Status and Versioning

This repository follows:

  • Semantic Versioning for published dataset package versions
  • Keep a Changelog conventions
  • setuptools_scm for automated tagging

Relationship to Civic Interconnect

This dataset is not part of CEP itself.
It is a companion dataset supporting:

  • SNFEI design validation
  • Adapter testing
  • Text normalization tuning
  • Reference examples for CEP documentation
  • Realistic cross-domain identity experiments

Contributing

Contributions welcome, including:

  • additional identity benchmarks
  • domain-specific normalization tests
  • enhancements to the sampling script
  • improved provenance annotations

Please open issues or PRs on GitHub.


License: Upstream Data

The raw Chicago Contracts dataset is released by the City of Chicago under the Chicago Open Data Portal Terms of Use, which functionally place the data in the public domain.

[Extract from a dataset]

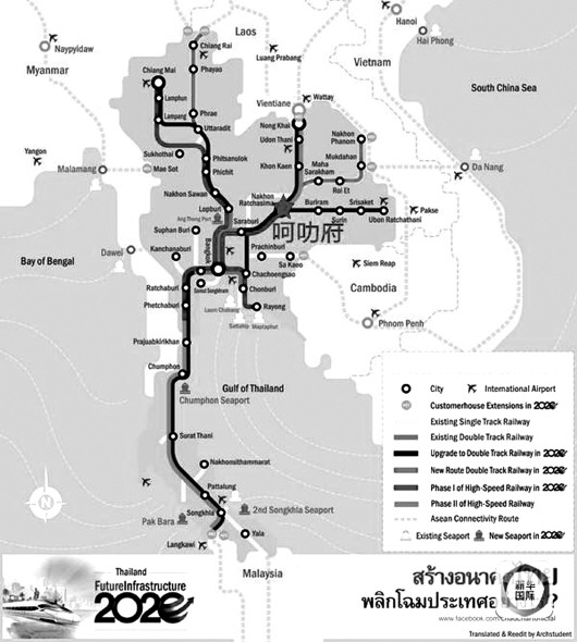 除了“时间节点”,这次研讨会选址呵叻,可谓是确立了“地理节点”。呵叻府地处连接泰国中部和东北部的门户位置,历史上就是泰国的战略重镇,人口260万,仅次于首都曼谷,人均GDP达11万泰铢(约合1.99万元人民币),自然和旅游资源丰富,丝绸、农产品等物产丰富。总长800多公里的中泰铁路合作规划共分为四条线路:即曼谷-坎桂线、坎桂-呵叻线、坎桂-玛塔卜线和呵叻-廊开线,而呵叻府正位于中心节点,距北部廊开府预计修建的铁路里程为350多公里,距曼谷的里程约为270多公里。
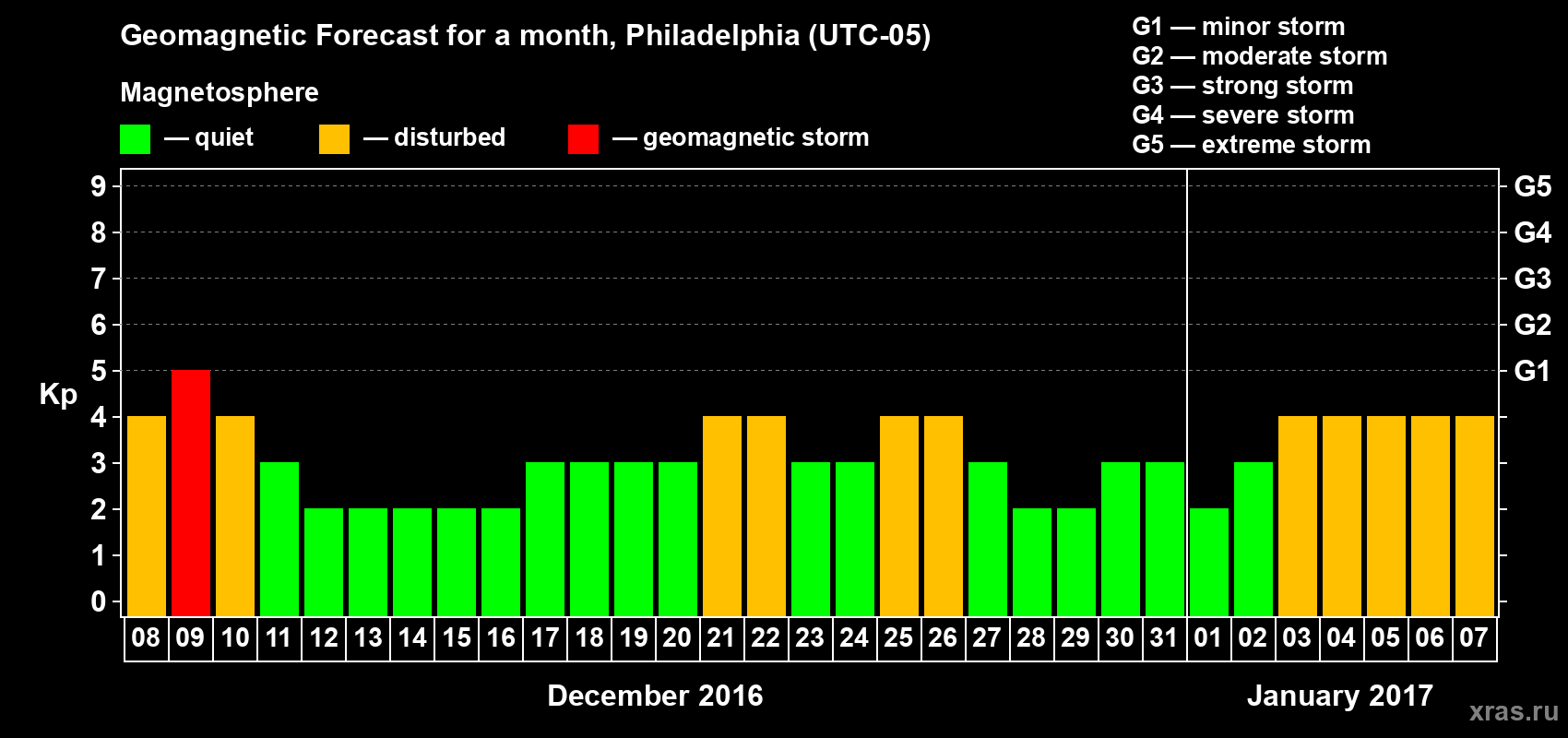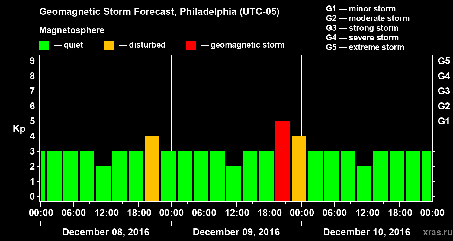 Geomagnetic storm forecast in Philadelphia for Dec 08, 2016

Source: https://data.cityofchicago.org/Administration-Finance/Contracts/rsxa-ify5


License: This Repository

All code, scripts, derived datasets, and documentation in this repository (civic-data-identity-us-il) are released under the MIT License.

This allows:

  • reuse in academic, civic-technology, and commercial settings
  • embedding into the broader Civic Interconnect ecosystem
  • distribution through PyPI or other registries

The MIT license used here is intentionally compatible with:

  • Apache-2.0 (the license for Civic Interconnect core repositories), and
  • other permissive licenses commonly used for data-oriented packages.

Nothing in this repository overrides the upstream public-domain data rights. Generated artifacts combine MIT-licensed code with public data and are therefore MIT-licensed.